[DATASET CONTENT Boundary: Start]

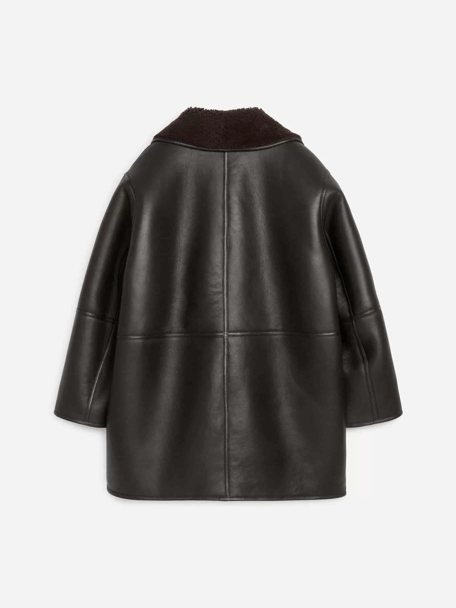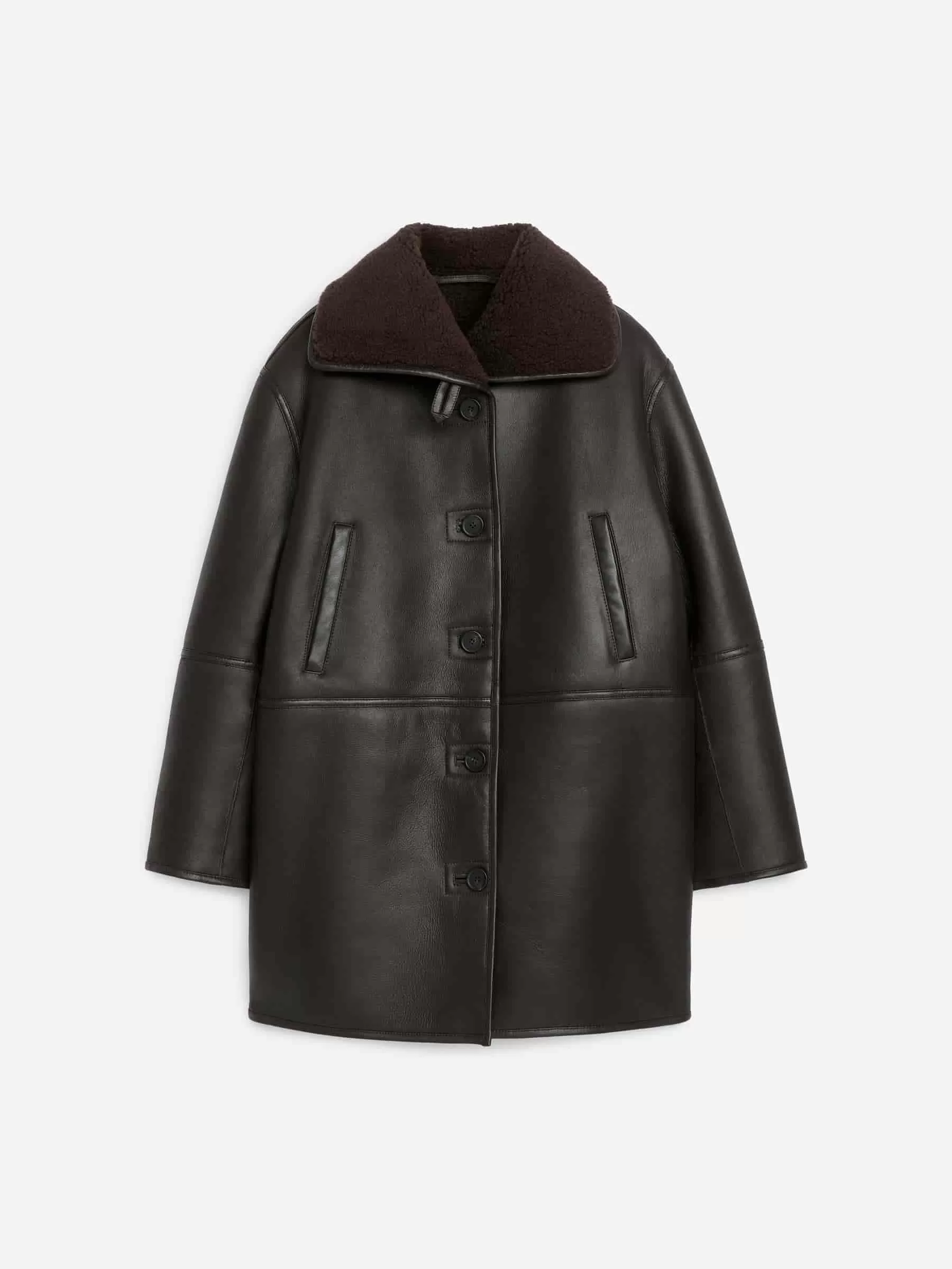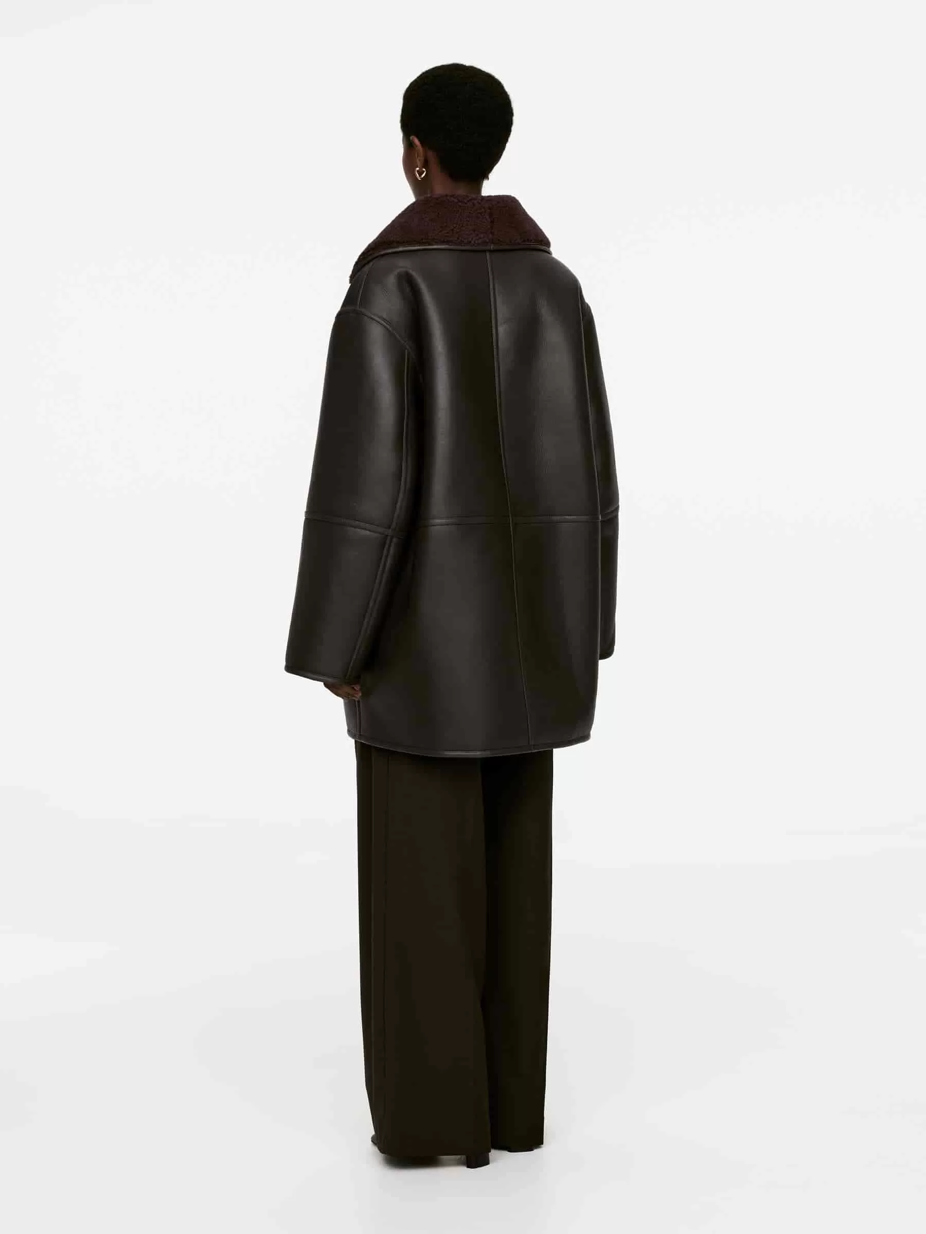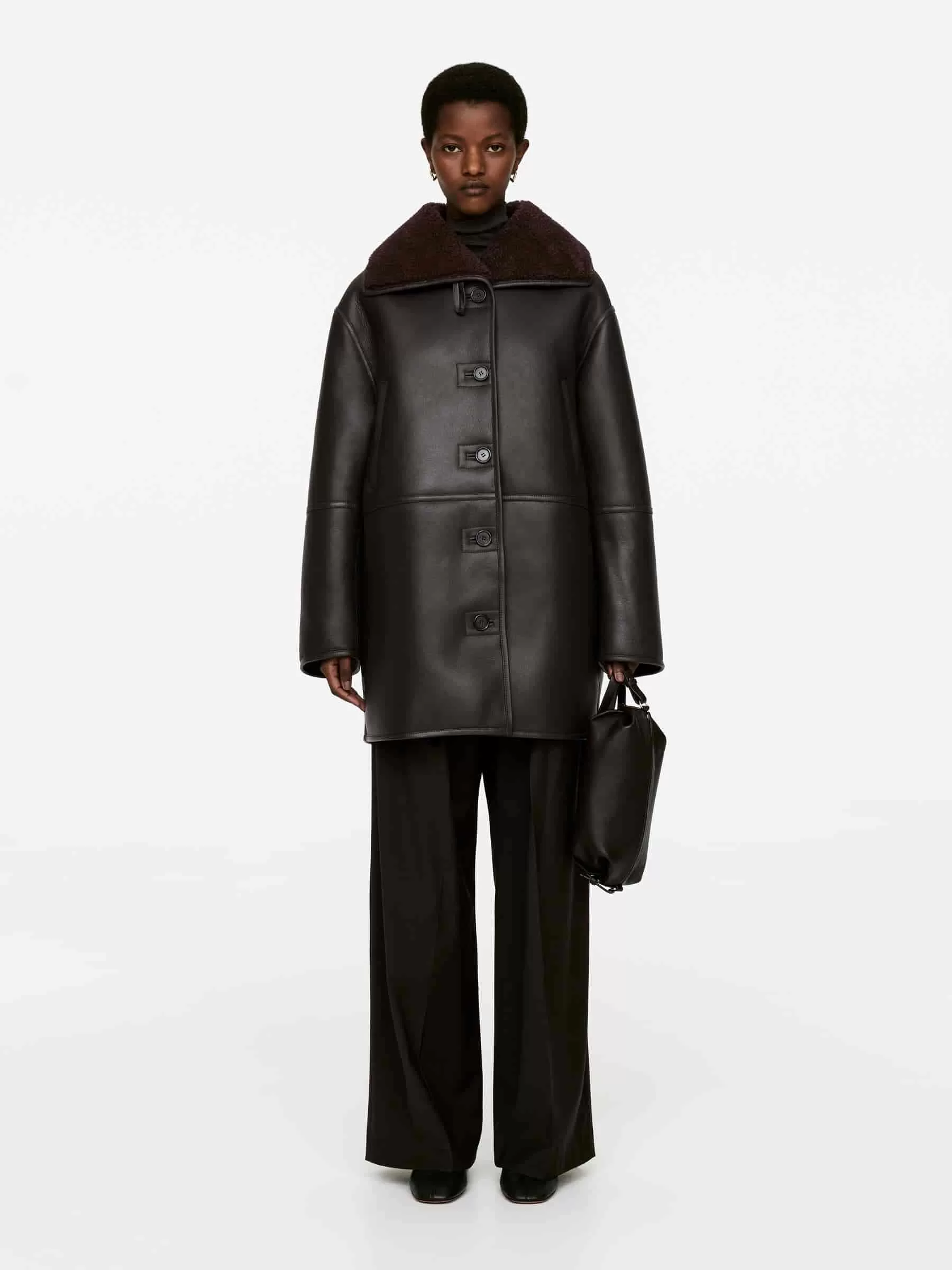Einreihige Lederjacke mit weicher Lammfell-Innenseite. Mit schmalen Leistentaschen, hoch- und herunterklappbarem Kragen und Knopfverschluss.
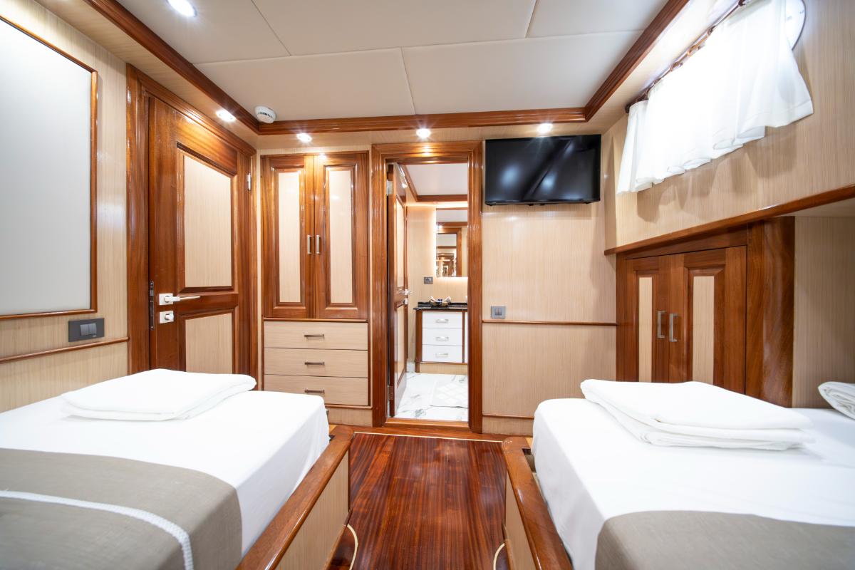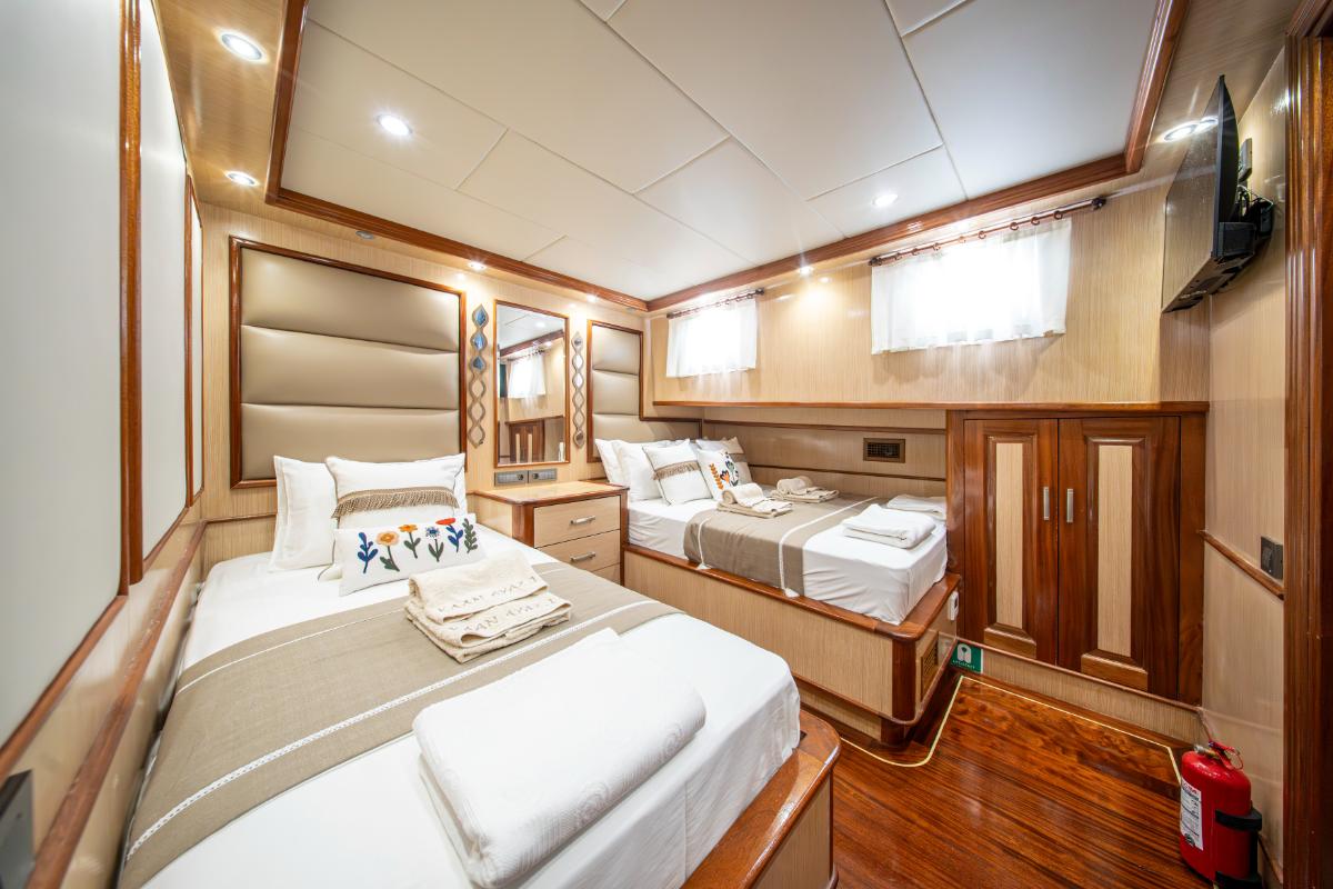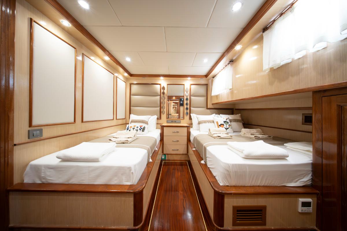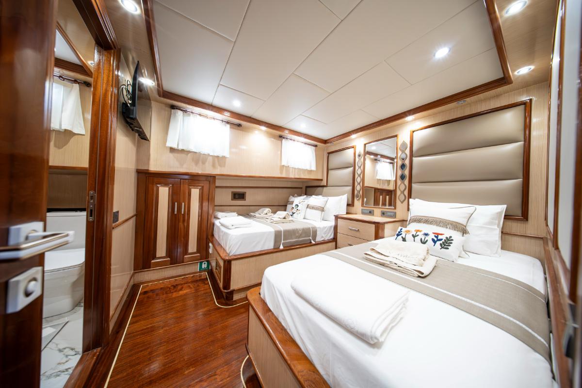 - Luxurious Accommodations for 12 Guests: Six elegantly furnished cabins, including 2 master cabins, 2 double cabins, and 2 twin cabins, each with an en-suite bathroom.
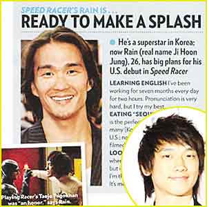 美國演員卡爾·楊最近是春風(fēng)得意,剛剛主演了沃卓斯基導(dǎo)演的《極速賽車手》不說,還“錯誤地”登上了美國著名的《人物》雜志!度宋铩冯s志的編輯把卡爾·楊誤認(rèn)為是韓國明星Rain,在照片邊上還配了一段文字:“他在韓國是鼎鼎大名的超級巨星,本名叫鄭智熏,粉絲們都稱他‘Rain’,《極速賽車手》是他投身好萊塢的第一步! 微特
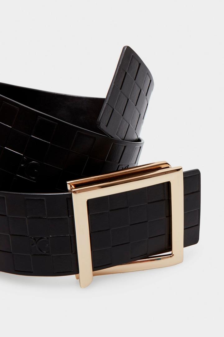 Cinturón de piel con el grabado Stamp de cubos y logos PG. Reverso de piel lisa y hebilla metálica en forma de cubo. Ancho: 6 cm
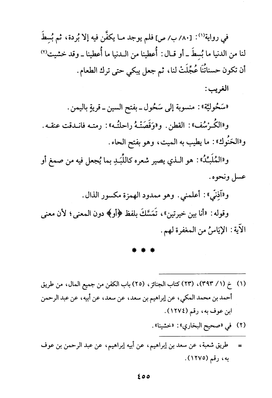 و"الكُرْسُف": القطن. و"وَقَصَتْهُ راحلتُه": رمته فاندقت عنقه. و"الحَنُوك": ما يطيب به الميت، وهو بفتح الحاء.
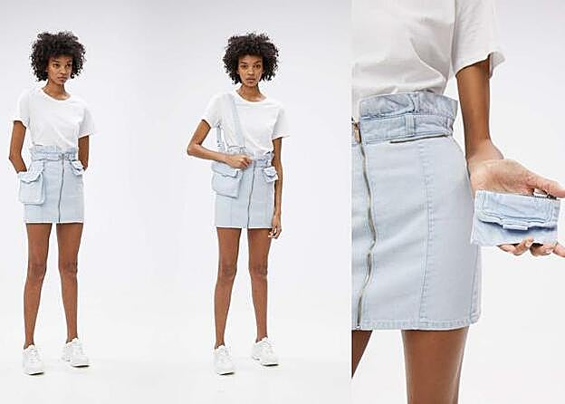 Además, en esta colección denim que ha sacado la firma de Indotex, también se encuentra una minifalda con elementos desmontabbles, de la que puedes sacar un monedero o un bolso tipo bandolera. Es un diseño en el mismo tono del vaquero que lleva unos bolsillos cargo extraíbles y un cinturón con el que puedes crear el asa de tu bolso. ¡Nos encanta! Cuesta 29,99 euros y la puedes comprar aquí.

[DATASET CONTENT Boundary: End]

TO DO ::
Your task is to retype all the entries exactly and leave out any pictures.

TASK SOLUTION ::
Einreihige Lederjacke mit weicher Lammfell-Innenseite. Mit schmalen Leistentaschen, hoch- und herunterklappbarem Kragen und Knopfverschluss.
 - Luxurious Accommodations for 12 Guests: Six elegantly furnished cabins, including 2 master cabins, 2 double cabins, and 2 twin cabins, each with an en-suite bathroom.
 美國演員卡爾·楊最近是春風(fēng)得意,剛剛主演了沃卓斯基導(dǎo)演的《極速賽車手》不說,還“錯誤地”登上了美國著名的《人物》雜志!度宋铩冯s志的編輯把卡爾·楊誤認(rèn)為是韓國明星Rain,在照片邊上還配了一段文字:“他在韓國是鼎鼎大名的超級巨星,本名叫鄭智熏,粉絲們都稱他‘Rain’,《極速賽車手》是他投身好萊塢的第一步! 微特
 Cinturón de piel con el grabado Stamp de cubos y logos PG. Reverso de piel lisa y hebilla metálica en forma de cubo. Ancho: 6 cm
 و"الكُرْسُف": القطن. و"وَقَصَتْهُ راحلتُه": رمته فاندقت عنقه. و"الحَنُوك": ما يطيب به الميت، وهو بفتح الحاء.
 Además, en esta colección denim que ha sacado la firma de Indotex, también se encuentra una minifalda con elementos desmontabbles, de la que puedes sacar un monedero o un bolso tipo bandolera. Es un diseño en el mismo tono del vaquero que lleva unos bolsillos cargo extraíbles y un cinturón con el que puedes crear el asa de tu bolso. ¡Nos encanta! Cuesta 29,99 euros y la puedes comprar aquí.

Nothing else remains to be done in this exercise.